For classification tasks where style matters as much as substance — spam detection, bot identification, authorship attribution — lexical features punch well above their weight.

The deeper insight: These features are model-agnostic and near-zero cost to compute. In any production system, they’re always worth including as a baseline signal. The question isn’t whether to use them, but whether they’re sufficient alone.

They’re not. But they’re a foundation.

2. Bag of Words: Discarding Order, Keeping Presence

Bag of Words (BoW) makes a deliberate sacrifice: it throws away word order entirely, keeping only the frequency of each word across a fixed vocabulary.

Your sentence becomes a vector. The vocabulary defines the dimensions. Each dimension tells you how many times that word appears.

Vocabulary: ["machine", "learning", "is", "fun", "hard"]
Sentence: "machine learning is fun"
Vector: [1, 1, 1, 1, 0]

Why would you give up word order? Because for many tasks, order doesn’t matter much. A document about “machine learning” contains those words at high frequency regardless of how they’re arranged. Sentiment, topic, and category classification are often robust to order removal.

The real limitation of BoW isn’t the missing order — it’s the sparsity.

If your vocabulary has 50,000 words (modest by real-world standards), every document becomes a 50,000-dimensional vector where the vast majority of values are zero. This is computationally expensive to store and propagate, and statistically thin — most of that space is empty signal.

BoW also treats “not good” and “good” as nearly identical. The negation is lost. The sarcasm is lost. The semantic relationship between words is completely absent.

Despite this, BoW with Logistic Regression or Naive Bayes remains a competitive baseline. Its simplicity is a feature, not a bug, when you need interpretability or are operating under compute constraints.

3. TF-IDF: Teaching the Model About Rarity

The fundamental flaw BoW exposes is that not all words carry equal information. “The” appears in almost every document and tells you almost nothing. “Blockchain” appearing in a document tells you quite a lot.

TF-IDF formalizes this intuition with two components:

Term Frequency (TF): How often does this word appear in this document?

Inverse Document Frequency (IDF): How rare is this word across all documents?

The product gives you a weight that is high when a word appears frequently in a specific document but rarely across the corpus. This surfaces the words that are distinctively important to that document — not just common in general language.

TF("transformer", doc) = 0.05   # appears 5% of words
IDF("transformer", corpus) = 4.2 # rare across all docs
TF-IDF = 0.05 × 4.2 = 0.21

vs.

TF("the", doc) = 0.08
IDF("the", corpus) = 0.1 # appears in virtually every doc
TF-IDF = 0.08 × 0.1 = 0.008

The word “the” is penalized to near-zero. “Transformer” is rewarded.

Where TF-IDF still shines: document classification, keyword extraction, and any task where the subject of a document matters more than the meaning of individual sentences. It’s the backbone of older information retrieval systems and still a go-to for interpretable feature pipelines.

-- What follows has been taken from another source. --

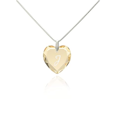 Buchstaben Kette, Kinderkette 925 Sterling Silber mit SWAROVSKI ELEMENTS Herz Anhänger Golden Shadow Herz und individueller Gravur " J "

Its blind spot: TF-IDF still doesn’t understand that “car” and “automobile” mean the same thing. Two synonyms are two entirely separate dimensions in the vector space, with no relationship to each other. That’s where embeddings come in — but we’re not there yet.

Example:

Our tiny corpus (3 documents):

We’ll calculate TF-IDF for the word “dog” in Doc 1.

Step 1: Calculate TF (Term Frequency)

How many times does “dog” appear in Doc 1, divided by total words in Doc 1.

TF = 1/3 = 0.33

Step 2: Calculate IDF (Inverse Document Frequency)

How many documents contain the word “dog”? Doc 1 and Doc 3. So 2 out of 3 documents.

IDF = log(Total Documents / Documents containing "dog")
IDF = log(3/2)
IDF = log(1.5)
IDF = 0.17

Step 3: Multiply them

TF-IDF = TF x IDF
TF-IDF = 0.33 x 0.17
TF-IDF = 0.056

Now let’s do the same for the word “runs” in Doc 1 to see the difference.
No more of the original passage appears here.